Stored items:

-.-.-

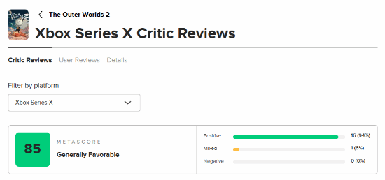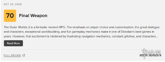 由黑曜石开发、Xbox发行的科幻太空歌剧RPG《 天外世界2 (The Outer Worlds 2)》将于10月30日登陆PC、PS5和XSX|S平台,支持XGP。目前游戏的M站媒体评分已经解禁,截至发稿前,共有17家媒体对本作进行评测,M站媒体均分为85分(XSX版)。
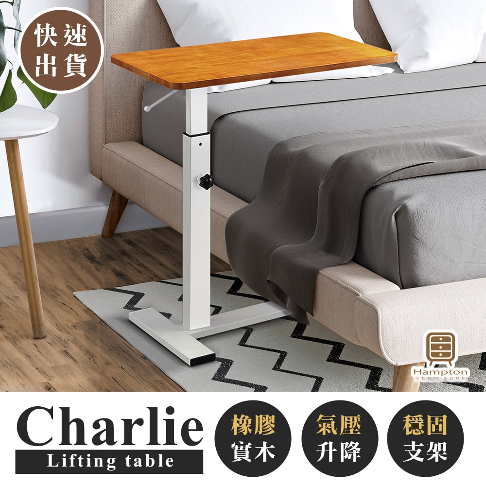 】 查理實木氣壓升降桌-柚木色-白腳
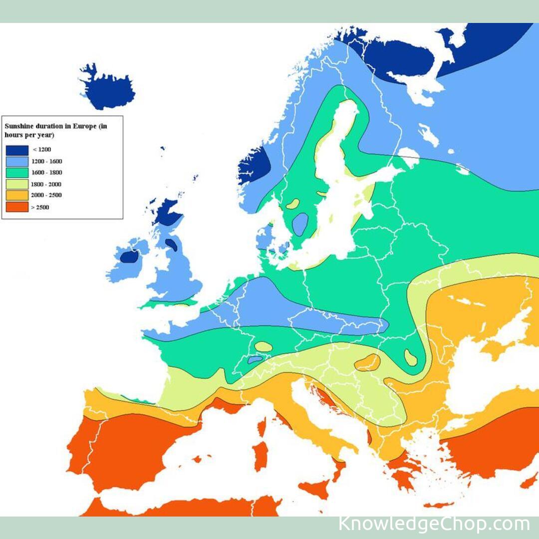 Home/Cool Guides/Yearly Sunshine Hours in Europeš Cool GuidesYearly Sunshine Hours in EuropeMar 28, 2022ā¢1 min read Yearly Sunshine Hours in Europe Found this guide helpful? š„·Share on XAll Cool GuidesHomešMore Cool GuidesKeep exploring and learningAnnual Sunshine HoursRead āAnnual Sunshine HoursRead āMt. Rainier early morning sunshine (OC) [5287 x 6995]Read āThe red sun rises in Banff NP. Actually this is 3 hours after sunrise this past Saturday, the forest fires are unrelenting this year as Iām sure many of you in North America are experiencing. [OC] [1600 2000]Read āMissing scenes like this! Taken in Sibenik, Croatia last year during a backpacking trip in Europe.Read āCrowning Glory: Unmasking the Majesty of Europe s Imperial and Royal Regalia šāāļøš¤“Read āExplore All Cool Guides
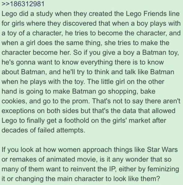 >>97634267In recognition of leading sexology research, my overtly gynocentric setting baiting it revolves around dominance and status preferences rather than primary sexual characteristics, such that it is actively taboo to be seen pursuing or taking any kind of following role of one of lesser wealth than yourself. Thus there are no distinct "lesbians", because it is simply not noteworthy for a woman's interest in another of greater status to extend to same-sex carnal matters.>>97634573It's hardly comprehensive, and largely fueled by a willful ignorance of how and when the preferences are set to posture greater legitimacy of sexual orientation as self-identification. I find it just as silly with the 7-9/10s who's cock is the carousel to be ridden hyping themselves up for "having game" or however they put it.>>97634901There's plenty of narrative considerations that choosing the opposite sex has meaningful impacts on worth exploring, just because you're too (anti-)coombrained to accept any of them outside the gutter doesn't dictate that's the limit of them.>>97634918To my understanding, it's more a slip-of-focus and curiosity thing, the former being that a staggering amount of porn has the female being ravished as the most empathizable thing by a large margin and the latter just a subset of general fantasizing of things not directly attainable, and thus there's a general pressure toward it.For me personally, non-anthro MLP and Pokemon saw enough of my attention on outright inhuman anatomy from the get-go that I can easily get "on rails" for a monster doing the fucking out to very weird and outright abstract fetishes.>>97635556WHAT neo-nazi bullshit? There are other actually-conservative flavors of "right wing", anon!
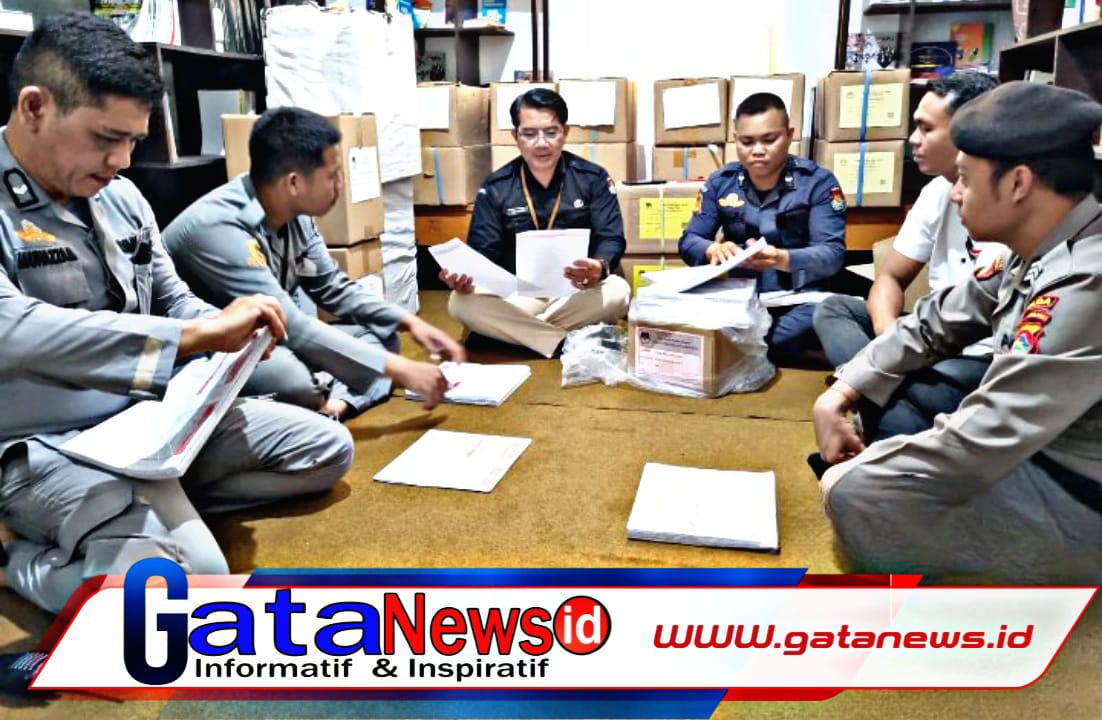Gatanews.id, Mataram | Subsatgas PAM Kantor KPU Operasi Mantap Brata (OMB) Rinjani 2023-2024 Polda NTB melakukan pengamanan kegiatan penyortiran Surat Suara Pemungutan Suara Ulang (PSU) untuk DPR RI, DPD dan DPRD Provinsi NTB, Rabu (10/01/2024) di Gudang penyimpanan Logistik Kantor KPU Provinsi NTB.
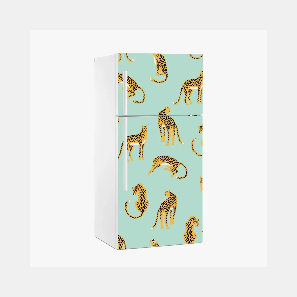 Kühlschrankaufkleber Verspieltes gepardenmuster auf türkisgrund
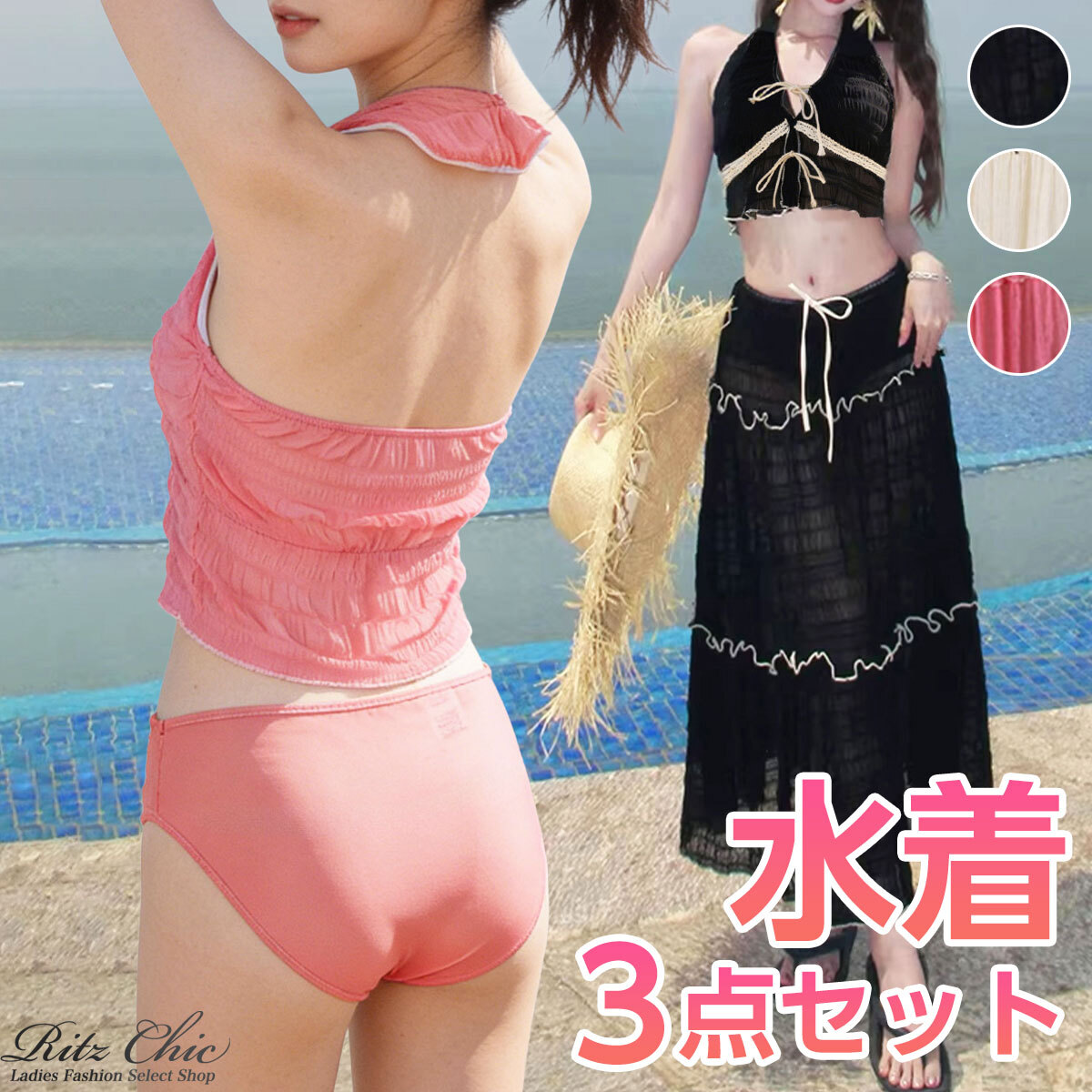 ホルターネック ビキニ 水着 3点セット スカート付き レディース 夏 韓国 きれいめ 大人 フェミニン かわいい おしゃれ 海 海水浴 プール レジャー リゾート ビーチ 露出控えめ 大人可愛い 大人女子

-.-.-

=== Exercise description ===
Please reproduce every entry above exactly, but leave out the pictures.

=== Answer space ===
 由黑曜石开发、Xbox发行的科幻太空歌剧RPG《 天外世界2 (The Outer Worlds 2)》将于10月30日登陆PC、PS5和XSX|S平台,支持XGP。目前游戏的M站媒体评分已经解禁,截至发稿前,共有17家媒体对本作进行评测,M站媒体均分为85分(XSX版)。
 】 查理實木氣壓升降桌-柚木色-白腳
 Home/Cool Guides/Yearly Sunshine Hours in Europeš Cool GuidesYearly Sunshine Hours in EuropeMar 28, 2022ā¢1 min read Yearly Sunshine Hours in Europe Found this guide helpful? š„·Share on XAll Cool GuidesHomešMore Cool GuidesKeep exploring and learningAnnual Sunshine HoursRead āAnnual Sunshine HoursRead āMt. Rainier early morning sunshine (OC) [5287 x 6995]Read āThe red sun rises in Banff NP. Actually this is 3 hours after sunrise this past Saturday, the forest fires are unrelenting this year as Iām sure many of you in North America are experiencing. [OC] [1600 2000]Read āMissing scenes like this! Taken in Sibenik, Croatia last year during a backpacking trip in Europe.Read āCrowning Glory: Unmasking the Majesty of Europe s Imperial and Royal Regalia šāāļøš¤“Read āExplore All Cool Guides
 >>97634267In recognition of leading sexology research, my overtly gynocentric setting baiting it revolves around dominance and status preferences rather than primary sexual characteristics, such that it is actively taboo to be seen pursuing or taking any kind of following role of one of lesser wealth than yourself. Thus there are no distinct "lesbians", because it is simply not noteworthy for a woman's interest in another of greater status to extend to same-sex carnal matters.>>97634573It's hardly comprehensive, and largely fueled by a willful ignorance of how and when the preferences are set to posture greater legitimacy of sexual orientation as self-identification. I find it just as silly with the 7-9/10s who's cock is the carousel to be ridden hyping themselves up for "having game" or however they put it.>>97634901There's plenty of narrative considerations that choosing the opposite sex has meaningful impacts on worth exploring, just because you're too (anti-)coombrained to accept any of them outside the gutter doesn't dictate that's the limit of them.>>97634918To my understanding, it's more a slip-of-focus and curiosity thing, the former being that a staggering amount of porn has the female being ravished as the most empathizable thing by a large margin and the latter just a subset of general fantasizing of things not directly attainable, and thus there's a general pressure toward it.For me personally, non-anthro MLP and Pokemon saw enough of my attention on outright inhuman anatomy from the get-go that I can easily get "on rails" for a monster doing the fucking out to very weird and outright abstract fetishes.>>97635556WHAT neo-nazi bullshit? There are other actually-conservative flavors of "right wing", anon!
Gatanews.id, Mataram | Subsatgas PAM Kantor KPU Operasi Mantap Brata (OMB) Rinjani 2023-2024 Polda NTB melakukan pengamanan kegiatan penyortiran Surat Suara Pemungutan Suara Ulang (PSU) untuk DPR RI, DPD dan DPRD Provinsi NTB, Rabu (10/01/2024) di Gudang penyimpanan Logistik Kantor KPU Provinsi NTB.
 Kühlschrankaufkleber Verspieltes gepardenmuster auf türkisgrund
 ホルターネック ビキニ 水着 3点セット スカート付き レディース 夏 韓国 きれいめ 大人 フェミニン かわいい おしゃれ 海 海水浴 プール レジャー リゾート ビーチ 露出控えめ 大人可愛い 大人女子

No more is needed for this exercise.